A few summers ago I remember being in a really busy pub.
The sun was shining outside and the beer garden was full to capacity. Ideally I wouldn’t have stayed there, but from where we were all I could see were more packed bars, so I may as well have stayed at the one I actually liked.
I walked to the bar where I stayed for 28 minutes before I was served. Again, I should have left but I’d been at the front of the queue so long that I was always bound to be next. I am, unfortunately, one of the 44% of Briton’s not to complain too much when someone barges ahead of me in a bar queue – I save that for winter and the queue for a ski lift. Despite waved hands, lots of eye contact and exasperation, I was ignored.

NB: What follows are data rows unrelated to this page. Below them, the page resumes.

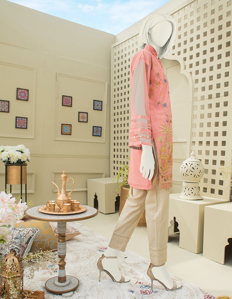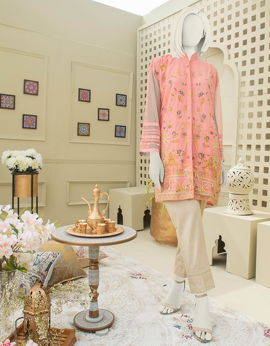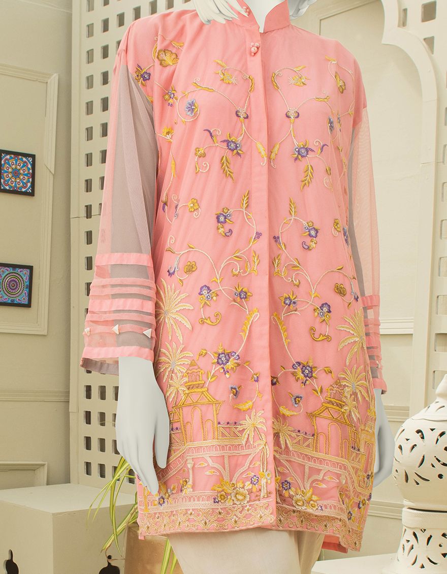 Collection Type: Embroidered Dyed Poly-Net Shirt With Crape Inner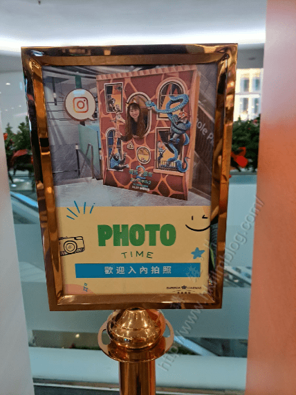 細看旁邊皂指示,可以看到中間的窗口的部分其實可以打開,而觀眾亦可以進入內部來合照一下,同時圖片亦提供了其中一個示範圖片。未知道大家近期倘若一家大細來到銅鑼灣時代廣場的英皇戲院時,又會否嘗試來一下跟這個宣傳品來合照呢?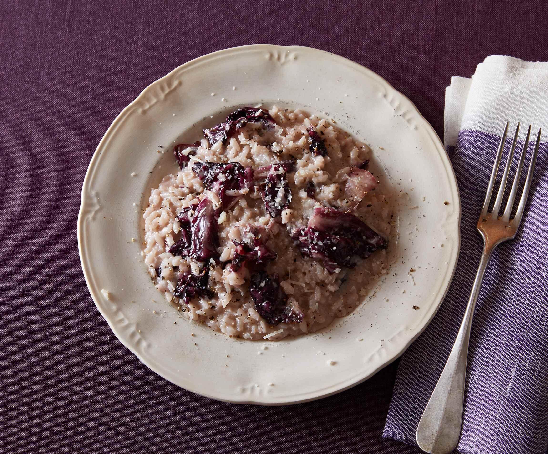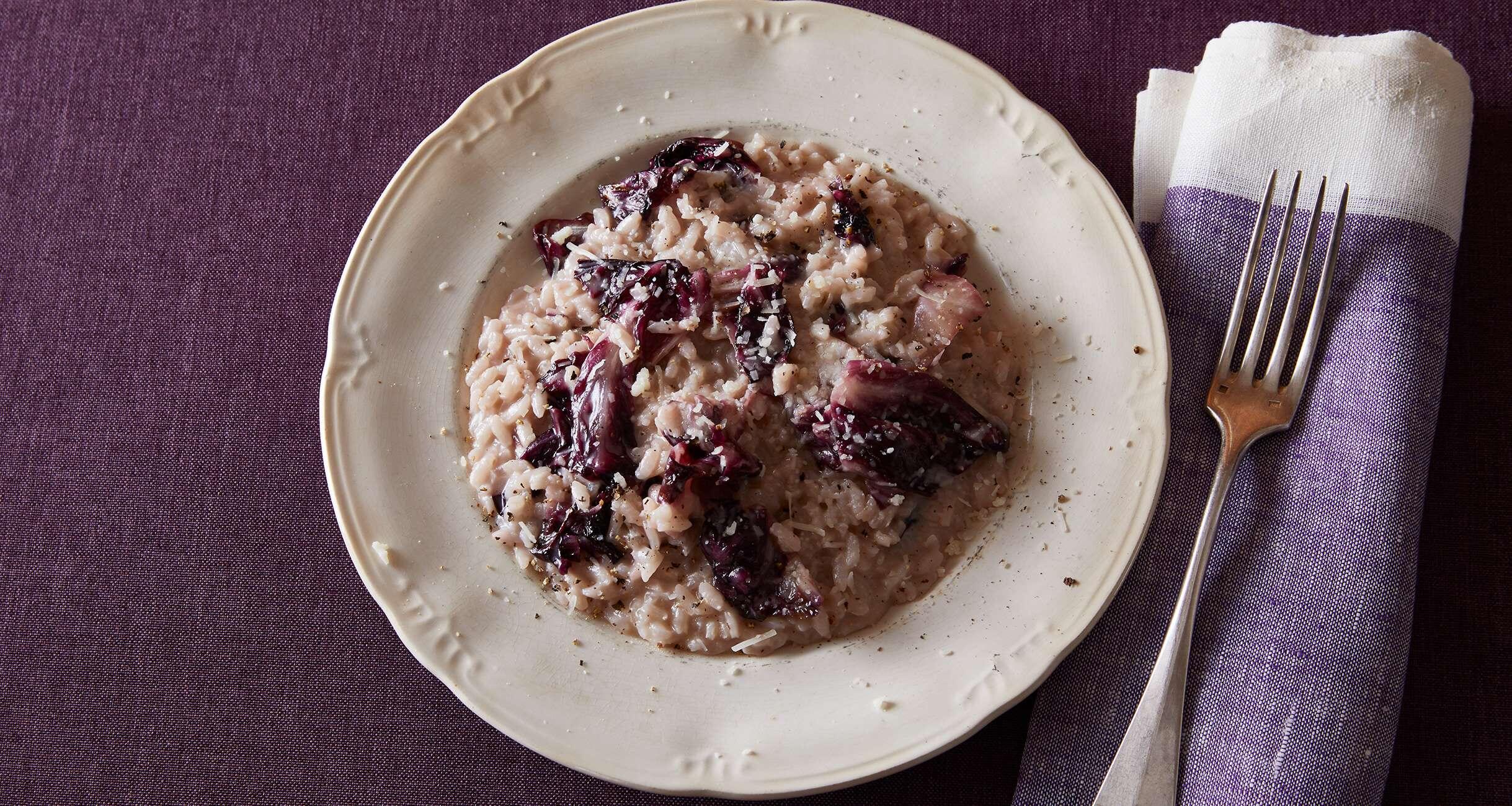冬はリゾットもよく食卓に登場。トレビスの穏やかな苦味と赤ワインの風味が大人の雰囲気を醸し出す一皿は、ヴェネトやフリウリ、トレンティーノなど北東部でおなじみの味。人が集まるときに人気のごちそうです。

That was until one a woman in the queue realised what was happening. She told me that I’d be served next. She pulled down her already low cut top, folded her arms and leaned on the bar next to get maximum lift and maximum exposure. “Yes please,” said the next available barman.
“You’ve been ignoring this guy for 15 minutes,” she replied.

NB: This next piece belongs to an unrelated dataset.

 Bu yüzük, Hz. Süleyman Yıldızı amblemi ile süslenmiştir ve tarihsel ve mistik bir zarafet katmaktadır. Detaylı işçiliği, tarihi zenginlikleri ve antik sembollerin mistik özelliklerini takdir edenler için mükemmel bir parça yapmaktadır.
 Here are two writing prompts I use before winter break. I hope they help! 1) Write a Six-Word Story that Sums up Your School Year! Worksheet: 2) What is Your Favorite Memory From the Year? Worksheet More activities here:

Basically I’d been discriminated against for not having boobs.
However, a new technology by a company called Datasparq hopes to solve this problem. By “this problem” I mean queuing in bars, not discrimination or my lack of tits. They use facial recognition to thwart those who previously relied on their sharp elbows, good looks or a waved tenner to cut ahead in the line.
The tech notices who was first at the bar and circles their faces on a monitor, along with adding their position in the queue. All images are promptly deleted so privacy concerns aren’t an issue, so it sounds like a great plan.
One issue concerning discrimination based on anatomy isn’t so clear. A woman in Canada is suing several beauty salons for refusing to wax her penis and testicles.
Jessica (previously Jonathan) Yaniv is taking 16 women to court believing that the refusal of the women to give her a Brazilian wax is illegal under the BC Human Rights Code.
Now, it’s obviously quite an interesting case. It is discrimination, let’s be clear about that. But the thing is, every cis-bloke knows that Brazilian waxes aren’t done on our plumbing or, if it is, we’d make sure that the people we asked to do it didn’t mind, or at least offered it. Apparently “all women should receive the same service” but the truth is that not all women have bollocks.
Yaniv forgets that everyone has the right to say no to something that they’re uncomfortable with. No-one is obliged to touch your willy. They wouldn’t be obliged to wax women if they didn’t want to, contractual clauses aside. The right to say no in such a way is one of the pillars of true equality.
It is an interesting test case for all the discussion that involves the transgender community and what a reasonable expectation of their interactions with cis-gendered people are. However, the most interesting part of the story for me is that Yaniv describes the waxing as “gender affirming”. Because obviously nothing screams “I’m a woman” quite like having your manhood waxed.